◆ Your objective ◆
With the pictures omitted, set down exactly the lines from the one that contains "Seasonal Veggie Bowl" through the last line of the data.

Stored entries:
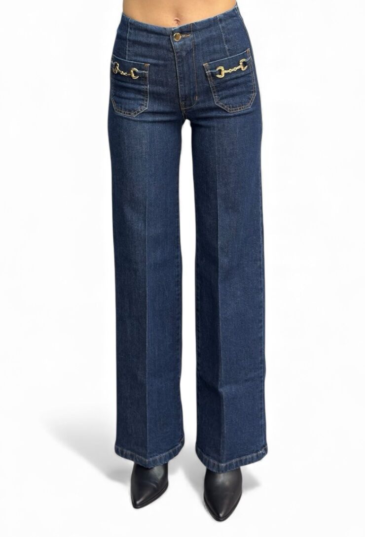 Opis:Długa, prosta nogawka, dwie kieszenie z przodu ze złotym łańcuszkiem
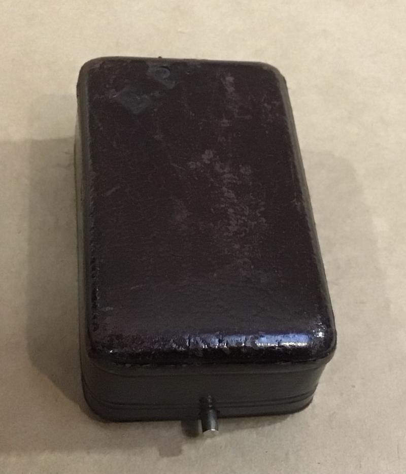 In its fitted leatherette case with Paris maker to the inside of the lid.
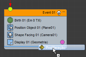 O operador Spawn irá gerar um novo conjunto de partículas entre as definidas em Evento 001.
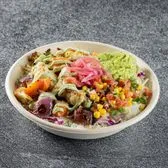 Seasonal Veggie Bowl (V) (GF), roasted veggies, guac, corn pico, avocado crema, pickled onion, queso blanco, napa slaw, basmati rice
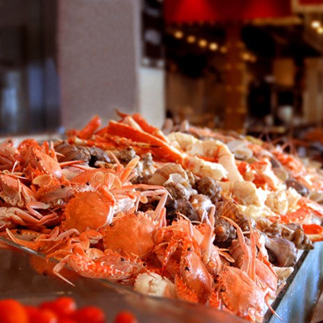 海鲜档口六七种海鲜每天轮番供应蟹脚、文蛤、大虾、三文鱼、面包蟹等等让人欲罢不能令人食指大动,垂涎三尺。
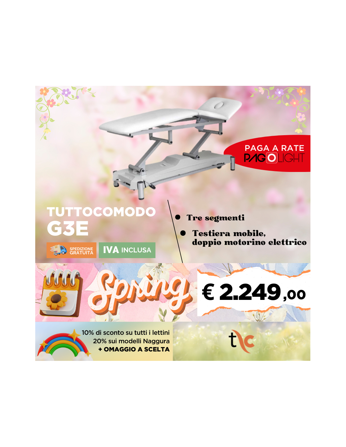 Lettino elettrico Tuttocomodo G3E: tre segmenti e due motorini elettrici

◆ Exercise output ◆
 Seasonal Veggie Bowl (V) (GF), roasted veggies, guac, corn pico, avocado crema, pickled onion, queso blanco, napa slaw, basmati rice
 海鲜档口六七种海鲜每天轮番供应蟹脚、文蛤、大虾、三文鱼、面包蟹等等让人欲罢不能令人食指大动,垂涎三尺。
 Lettino elettrico Tuttocomodo G3E: tre segmenti e due motorini elettrici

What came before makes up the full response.